Cambiamenti climatici, deforestazione e aumento degli incendi stanno facendo diminuire la capacità dell’Amazzonia di assorbire anidride carbonica e aumentando la produzione di CO2 fino a un miliardo e mezzo di tonnellate l’anno per gli incendi. Bolsonaro sotto accusa.

il polmone verde più grande del Pianeta quest’anno non respira più come dovrebbe e ha invertito la tendenza; ora produce più CO2 di quanta riesca ad assorbirne.

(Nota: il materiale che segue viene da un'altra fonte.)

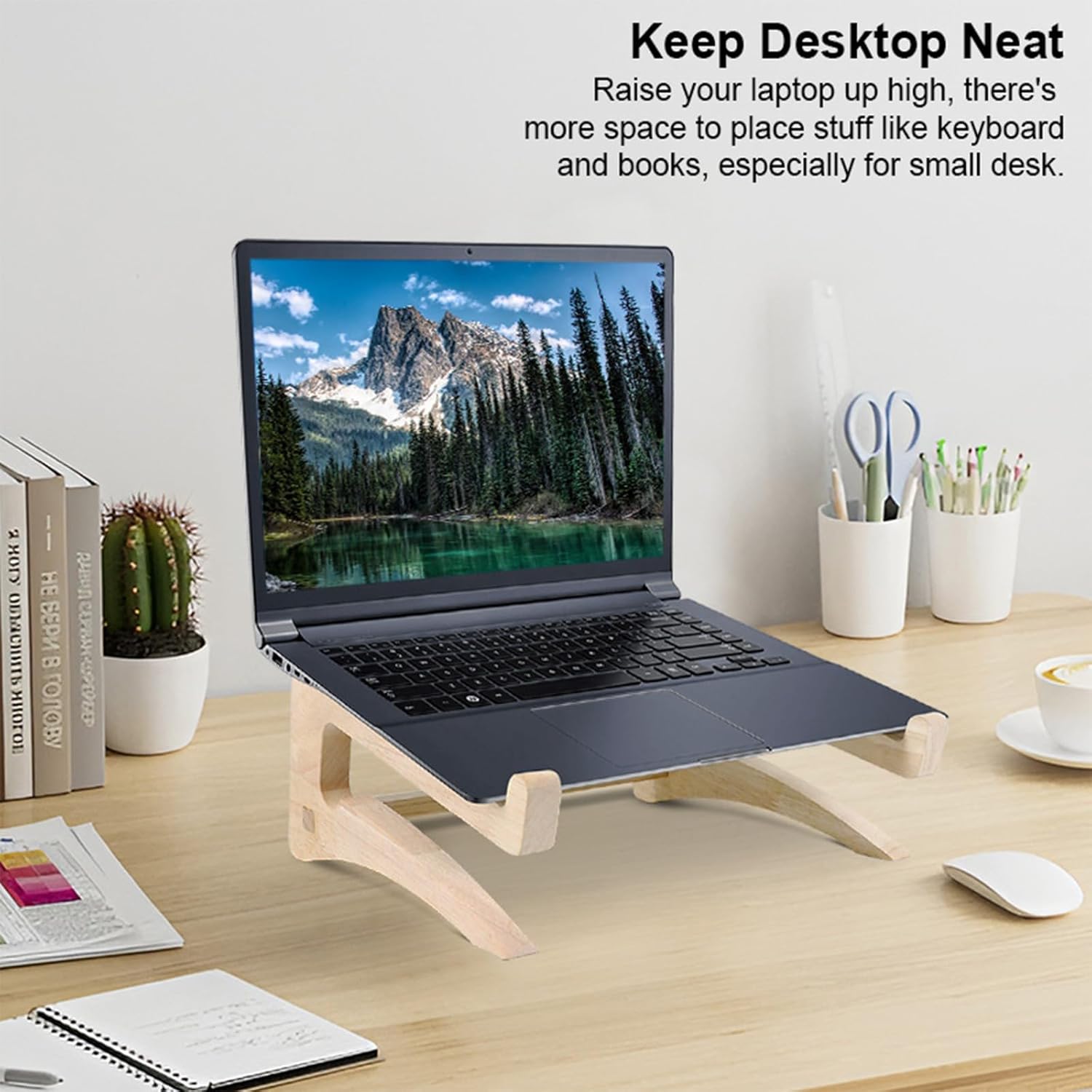 The desktop stand is made of solid wood, which is strong, light and practical, and can meet all your needs for laptops.
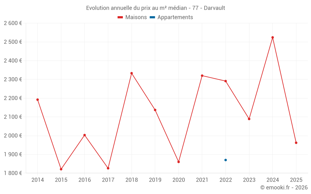 Le prix médian sur les 22 transactions de maisons des 24 derniers mois dans la commune de Darvault était de 2 089 € par mètre carré pour une valeur foncière médiane de 168 000 €. Sur cette période 60% des transactions se sont situées entre 1 440 et 2 606 € par mètre carré (du 2ème au 8ème déciles).
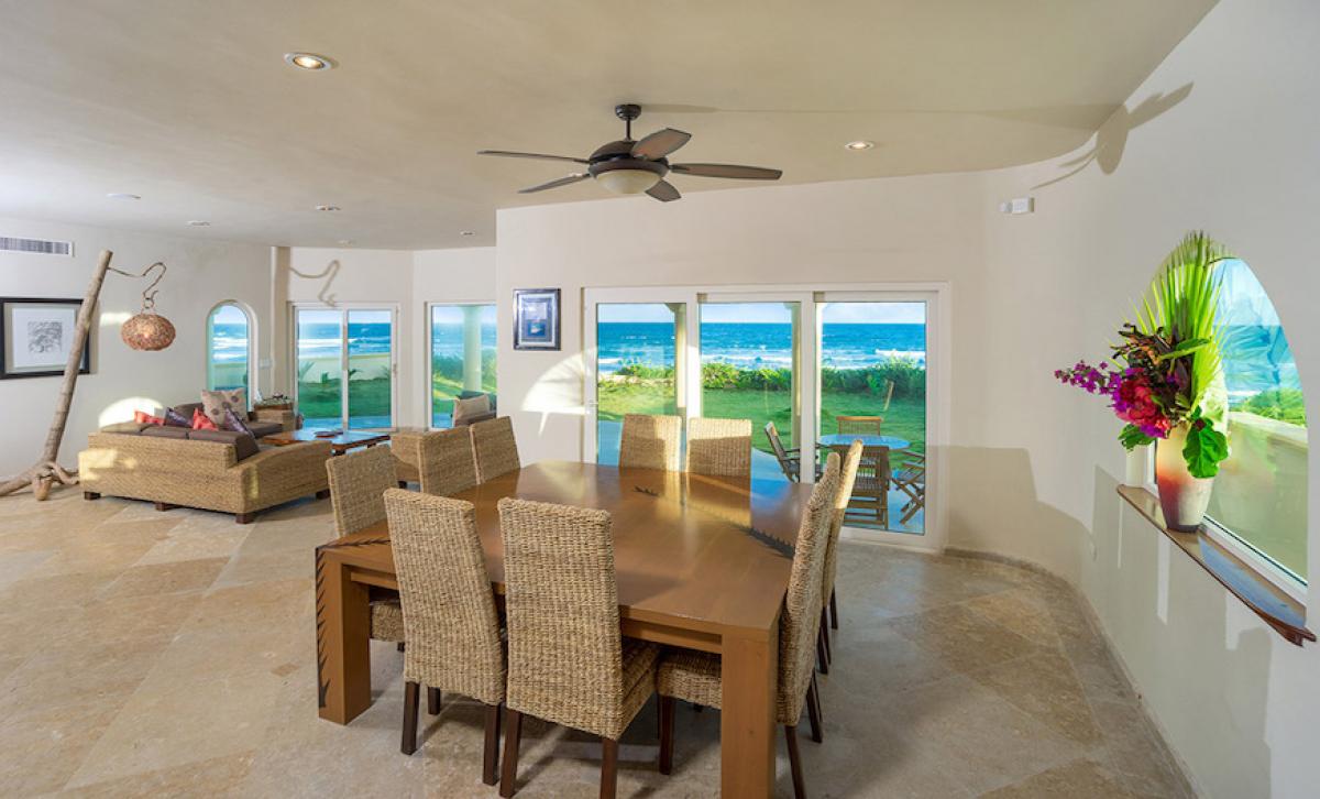 The rooftop patio displays breath-taking panoramic views of the Caribbean. Complimented with a grill, plenty of casual seating, sunbathing beds, lounge bar, massage table and the romantic charm of a million stars in the evening. The simple, yet sophisticated, design is the place to totally relax in the sun or shade with complete privacy. This is one of the premiere places in the world for viewing turtles where they nest and hatch. Many guests consider the roof “the best room” in the house.

La deforestazione, i cambiamenti climatici e l’aumento degli incendi stanno facendo diminuire la capacità dell’Amazzonia di assorbire anidride carbonica, al punto che in alcune aree della regione si emetterebbe più Co2 di quanta se ne riesce a smaltire.

Un miliardo e mezzo di tonnellate all’anno per l’esattezza, contro il mezzo miliardo di tonnellate che il respiro della vegetazione riesce a sottrarre. La differenza, un miliardo di tonnellate, è pari al totale delle emissioni annuali del Giappone. Lo rivela una ricerca pubblicata dalla rivista scientifica britannica Nature.

I ricercatori, come si legge nell’abstract dello studio, si sono basati su 590 rilevazioni aeree fino a un’altitudine di 4.500 metri, effettuate in quattro diversi punti della foresta nell’arco di 8 anni, tra il 2010 e il 2018.

L’Amazzonia, lo stato di salute

Le regioni orientali dell’Amazzonia, secondo i risultati ottenuti, emettono più Co2 del resto della foresta e addirittura, la parte sud-orientale del “polmone verde” sarebbe ormai una fonte netta di carbonio per l’atmosfera terrestre. Uno dei dati più preoccupanti, stando a quanto riportano i ricercatori, è che la foresta produce Co2 anche in assenza di incendi.

Questa dinamica si sarebbe creata in seguito ai roghi di anni precedenti nelle aree adiacenti e della deforestazione. Gli alberi essendo infatti i principali responsabili delle precipitazioni, con la loro assenza portano meno piogge, e meno piogge causano maggiore siccità e quindi incendi.

La maggioranza degli scienziati che hanno preso parte allo studio lavorano per enti del governo brasiliano, come l’Instituto Nacional de Pesquisas Espaciais (Inpe), anche se non mancano esperti di atenei europei, come Leeds e Groninga, rispettivamente in Gran Bretagna e Paesi Bassi.

Luciana Gatti, dell’Inpe, che ha guidato le ricerche, ha detto che dallo studio emergono due cattive notizie: “La prima è che la foresta quando brucia produce una quantità di Co2 tripla rispetto a quella che riesce ad assorbire; la seconda che nei punti dove la deforestazione rappresenta almeno il 30 per cento, le emissioni sono dieci volte superiori a quella registrate nei punti dove il disboscamento è inferiore al 20 per cento”.

Il livello di incendi registrati nel mese di giugno di quest’anno nella parte brasiliana dalla foresta è il più alto dal 2007. Un dato, questo, che ha attirato critiche da più parti nei confronti del governo presieduto da Jair Bolsonaro, sotto accusa, e non da oggi, per aver incoraggiato la deforestazione selvaggia.